Tuesday, February 29, 2000

On Today's To Do List

Are you kidding? You’re going to a graduation AND a wedding this weekend. There are a million and one things to be done before you leave. Then you realize that the most important thing you have to do is get the goddamn dry ice. As you start the engine, you remember that you were supposed to Google dry ice providers last night and therefore have to go to the store that’s 15 minutes away from school, meaning you’ll get to eat cheez crackers or Combos and coke for lunch, since that’s about all they have at the beer and wine store. Oh, well, diet shmiet, you’ve got the dry ice!

You rush out from school as they are dismissing the first bus, hoping that no other staff members will see you and think, “Short timer! Blowing off work already. What a loser!” Hightailing it down to Georgetown, you pray to Asphalta, the goddess of parking for a space.

Scraping yet another chunk of your rainbow flag sticker off the rear bumper, you wedge the car in between a Lexus and a Ford F350 truck with construction equipment and debris all over it and rush into the RE’s office. You briefly consider a disguise, as your next insemination is strictly against doctor’s orders, but remain secure in the white lie you have carefully crafted in case anyone asks why you want your sperm if you’re prohibited from getting pregnant until September: “Cait wants to try this time.” (You just aren’t saying WHAT Cait wants to try.)

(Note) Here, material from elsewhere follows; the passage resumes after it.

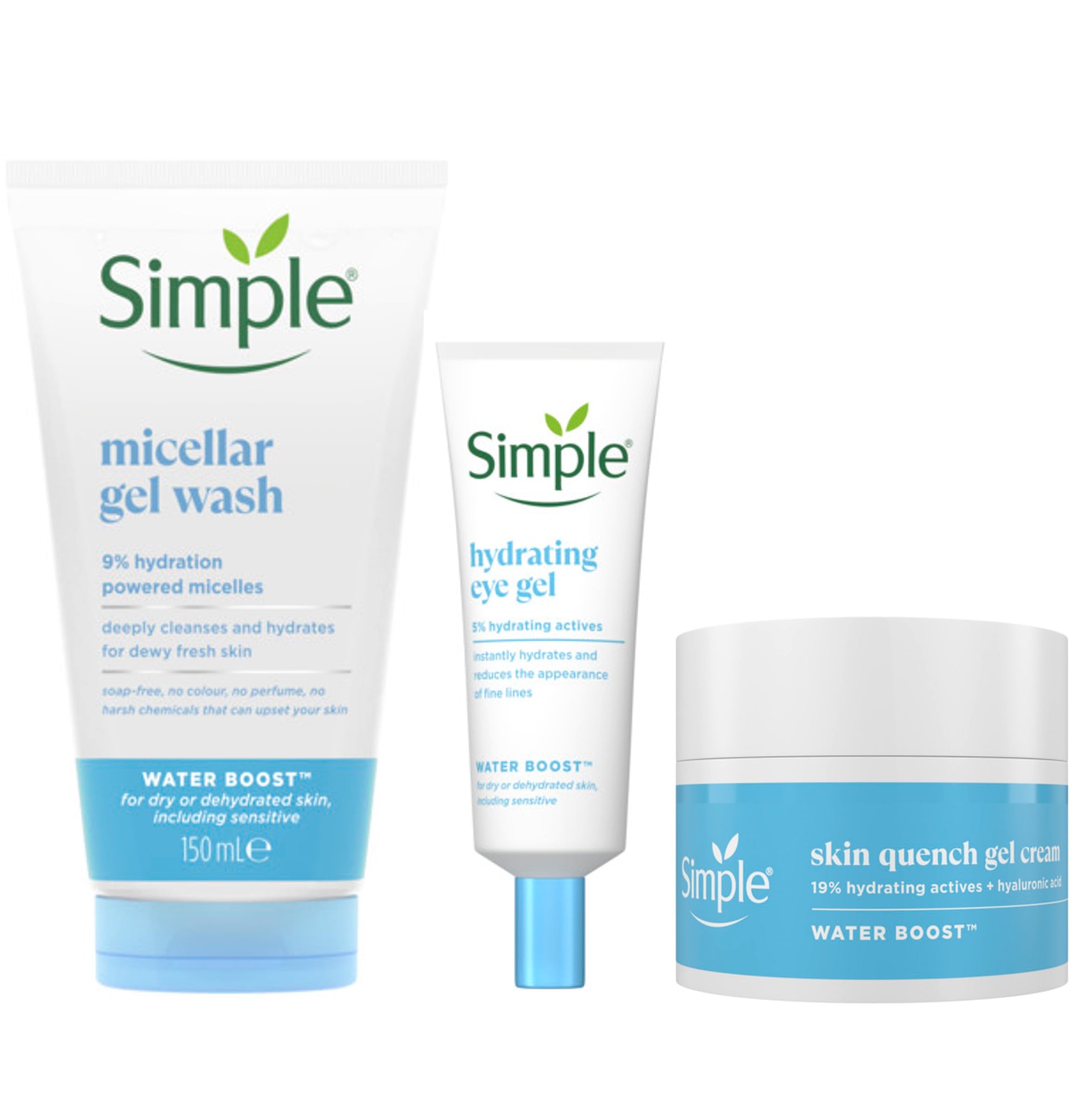 Simple Water Boost Skin Quench Gel Face Cream for Dry Skin 50 ml + Simple Water Boost Micellar 100% Soap-Free Face Cleanser Gel 150 ml & Simple Water Boost Hydrating Eye Gel 25 ml

Luckily, the andrology lab tech has not left early, and greets you with two vials of ICI sperm, paperwork, and an enigmatic smile. You sign off, carefully place the vials in their ziplock bag and nestle the precious cargo amongst the dry ice.

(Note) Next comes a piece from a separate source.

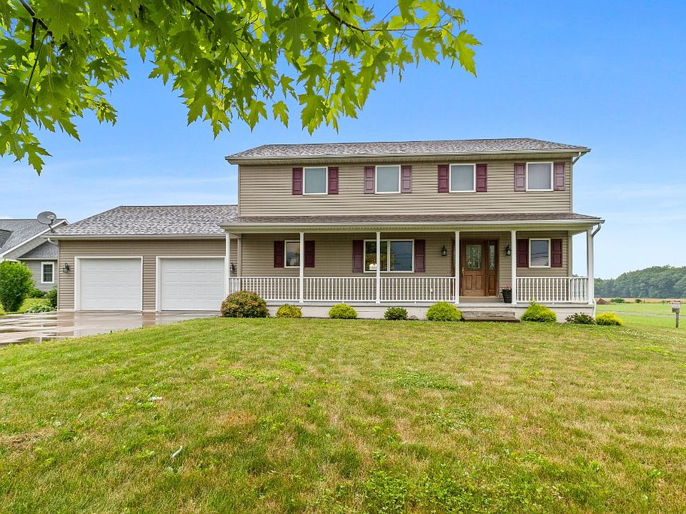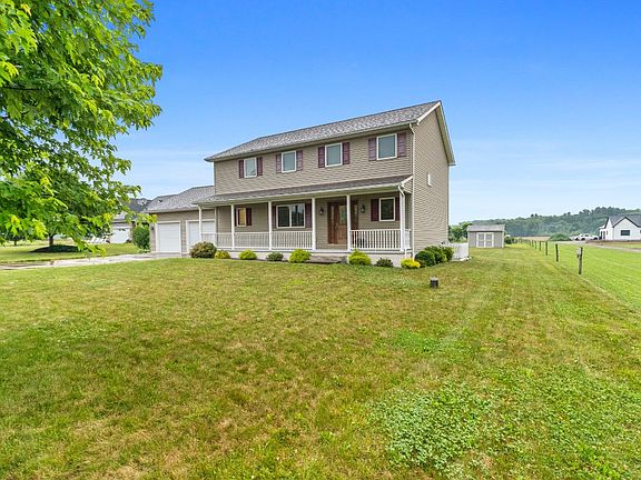 Be the first to view this custom built beautiful four-bedroom 3 bath home situated on a spacious 1.09-acre lot near Edinboro Lake, offering a serene setting. features eat-in kitchen with oak cabinetry, granite countertops, and elegant hardwood floors throughout. The first floor features a large living room, a formal dining room with French doors, and a convenient first-floor laundry room and full bath. Upstairs, you'll find a primary bedroom with a walk-in closet and three additional spacious bedrooms. The lower level provides second kitchen, canning room, and a walkout basement. Outside, the property features an oversized 2-car attached garage, four storage sheds, a fire pit, a fenced-in area for animals with a feeding shed, and a charming, covered porch. Located in the General McLane school district, this home is must-see.

Your wife arrives home and you immediately commence the highly romantic act of lesbian baby making. You both remain in bed for half an hour. Every so often, the love of your life whispers tenderly in your ear, “Turn over so the sperm can fully coat your retroflexed cervix.” After the appropriate amount of time has passed, you remain supine, and your gorgeous lover brings you Thai food in bed. [Ed: it’s my novel, I can write what I want!]

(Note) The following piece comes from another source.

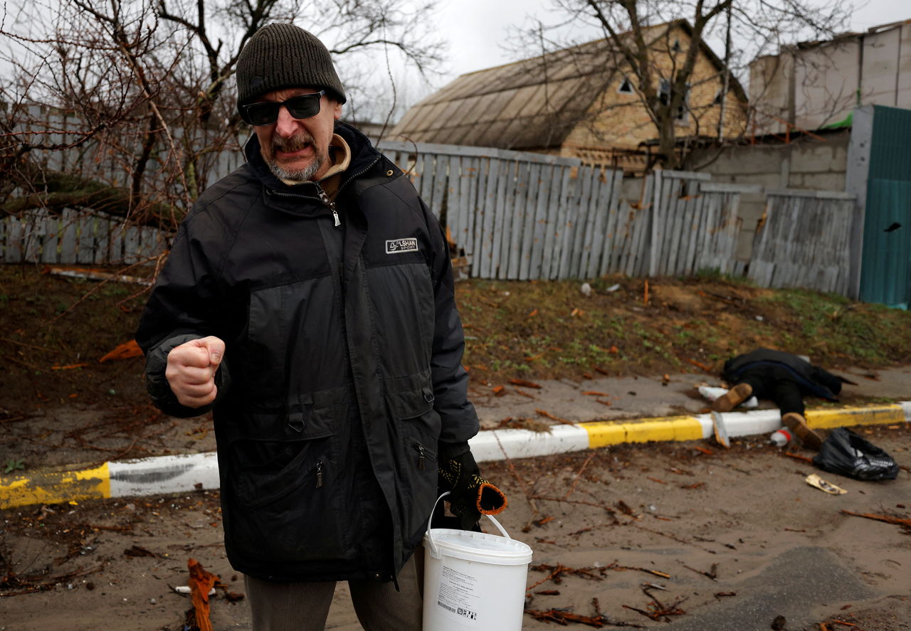 俄羅斯自2月24日揮兵攻打烏克蘭後,便加強火力企圖攻下首都基輔,然而卻陷入苦戰,因此在3月底暫時撤離駐守在基輔附近小鎮的部隊。被佔領1個月的基輔郊區小鎮布查,在俄軍離去後淪為廢墟,大街上隨處可見平民屍體。一名66歲的老翁在俄軍撤離後,返家查看情況,卻悲痛發現多年老友就陳屍在自家門口。

At the truly ungodly hour of 4:30 am, you wake up, repeat the thermometer drill, and remind yourself that A) all this is worth it if you get a baby, and B) 5 hours of sleep will seem like an impossible luxury once you have a kid, so get over your whiny self and get to sperminatin’! With deft hands, Cait skillfully and tenderly fills the syringe with the world’s most expensive liquid and performs the act. You impersonate a rotisserie chicken for the next half hour. When you wake again to begin the day, you sigh with relief. After debating whether or not to cancel the fertility acupuncture appointment scheduled for the afternoon, you realize you’re done with sperm, dry ice, syringes, and OPKs for this month (and gods willing, a long time to come). Now you just have to worry about spending a weekend with your wife, mother, stepfather, sister, her 33-year-old paramour, and a few otherT assorted characters in a rental house in New Hampshire for a snooty prep school graduation. (Paramour not staying in house, thank god.) Oh, and then a high-society Jewish wedding Sunday evening when you get home, just to round things out. And you won’t be able to drink at any of it!